ITEM 1.01 Entry into a Material Definitive Agreement.
On June 30, 2020, Arch Capital Group Ltd. (the “Issuer”), completed the public offering of $1,000,000,000 aggregate principal amount of its 3.635% senior notes due 2050 (the “Notes”). The Notes have been registered under the Securities Act of 1933, as amended (the “Securities Act”), pursuant to the Issuer’s universal shelf registration statement on Form S-3 (File No. 333-221344), as supplemented by the prospectus supplement dated June 23, 2017, previously filed with the Securities and Exchange Commission under the Securities Act.
The Notes were issued pursuant to an indenture (the “Base Indenture”), dated as of May 4, 2004, by and between the Issuer and The Bank of New York Mellon (the “Trustee”), as successor trustee to JPMorgan Chase Bank, as supplemented by a Second Supplemental Indenture, dated as of June 30, 2020, by and between the Issuer and the Trustee (the “Second Supplemental Indenture”, together with the Base Indenture, the “Indenture”). The Notes are senior unsecured obligations of the Issuer and rank equally with the other unsecured and unsubordinated indebtedness of the Issuer.
The Issuer will pay interest on the Notes semi-annually in arrears on June 30 and December 30, beginning on December 30, 2020, to holders of record on the preceding June 15 or December 15, as the case may be. Interest will be calculated on the basis of a 360-day year of twelve 30-day months.

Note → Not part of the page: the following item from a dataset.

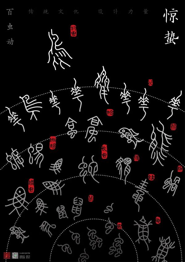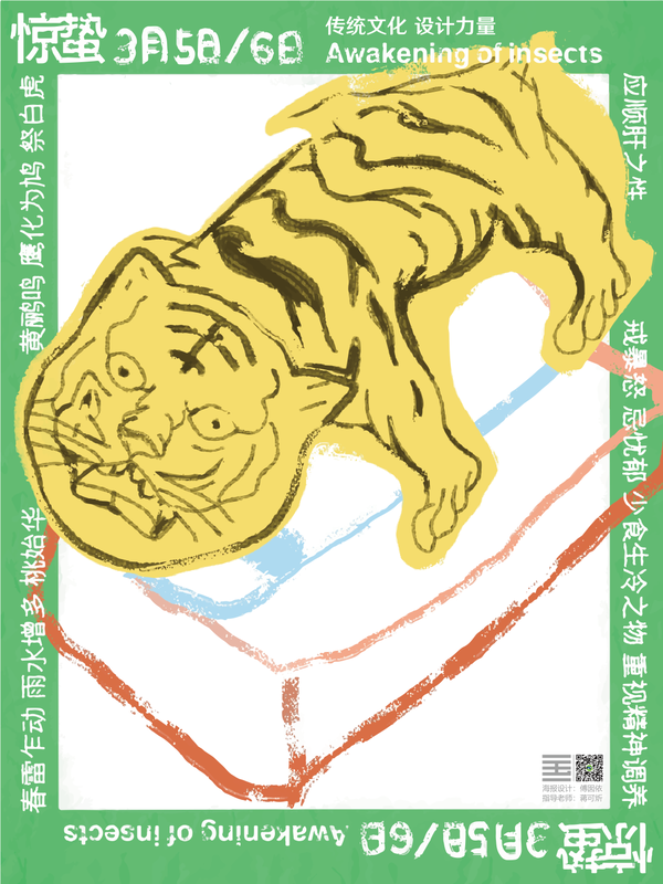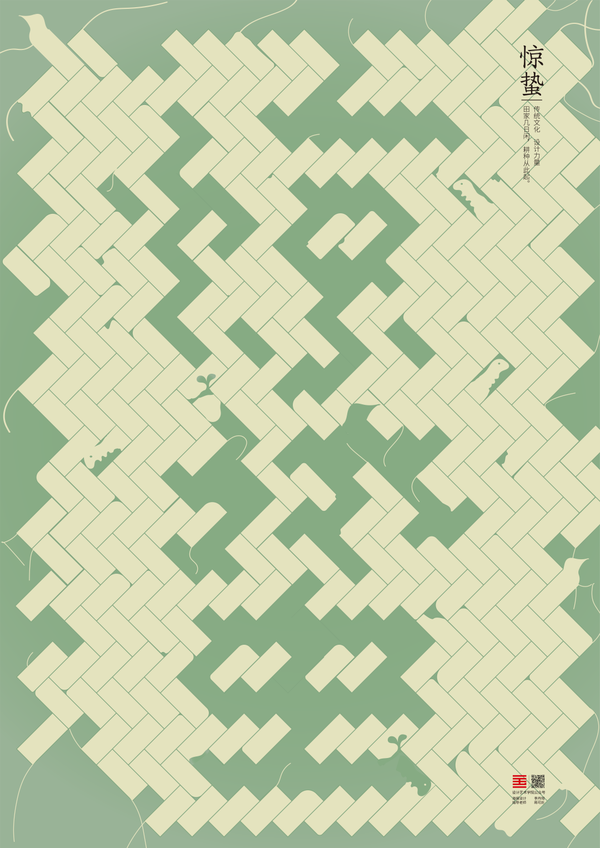 惊蛰,又名“启蛰”,是二十四节气中的第三个节气。斗指丁,太阳到达黄经345°,于公历3月5-6日交节。惊蛰反映的是自然生物受节律变化影响而出现萌发生长的现象。时至惊蛰,阳气上升、气温回暖、春雷乍动、雨水增多,万物生机盎然。农耕生产与大自然的节律息息相关,惊蛰节气在农耕上有着相当重要的意义,它是古代农耕文化对于自然节令的反映。当古老的传统文化与极富创造性思维的设计相融合,会碰撞出怎样的火花呢?值此春季,设计艺术学院的师生共同创作了「惊蛰」系列海报,为惊蛰时节增添了艺术气息。

Unless previously redeemed, the Notes will mature on June 30, 2050, subject to deferral if the Issuer is not, at the time of such maturity, in compliance with certain regulatory capital requirements of applicable insurance supervisory laws then in effect. Other than in the case of redemption as a result of certain tax events (which such redemption will be permitted at the Issuer’s option at any time during the life of the Notes in whole and not in part at redemption price equal to 100% of the principal amount of the Notes to be redeemed, plus accrued and unpaid interest thereon to, but excluding, the redemption date), the Notes may be redeemed at the Issuer’s option at any time and from time to time prior to December 30, 2049, in whole or in part, at a redemption price equal to the “make-whole” redemption price, plus accrued and unpaid interest thereon to, but excluding, the redemption date. In addition, the Notes may be redeemed at the Issuer’s option at any time and from time to time on or after December 30, 2049, in whole or in part, at a redemption price equal to 100% of the principal amount of the Notes to be redeemed, plus accrued and unpaid interest thereon to, but excluding, the redemption date. The Notes are subject to certain covenants, including limitations on the ability of the Issuer and certain designated subsidiaries, with exceptions, to incur liens on the stock of certain designated subsidiaries, or dispose of capital stock of certain designated subsidiaries.
The Indenture contains customary terms that upon certain events of default occurring and continuing, either the Trustee or the holders of not less than 25% in aggregate principal amount of the Notes then outstanding may declare the principal of the Notes and any accrued and unpaid interest through the date of such declaration immediately due and payable. In the case of certain events of bankruptcy or insolvency relating to the Issuer, the principal amount of the Notes, together with any accrued and unpaid interest through the occurrence of such event, shall be immediately due and payable.
Copies of the Base Indenture and the Second Supplemental Indenture (including the form of Notes) are attached hereto as Exhibits 4.1 and 4.2 respectively, and are incorporated herein by reference. The description of the Indenture and the Notes in this report are summaries and are qualified in their entirety by the terms of the Indenture and the form of Note.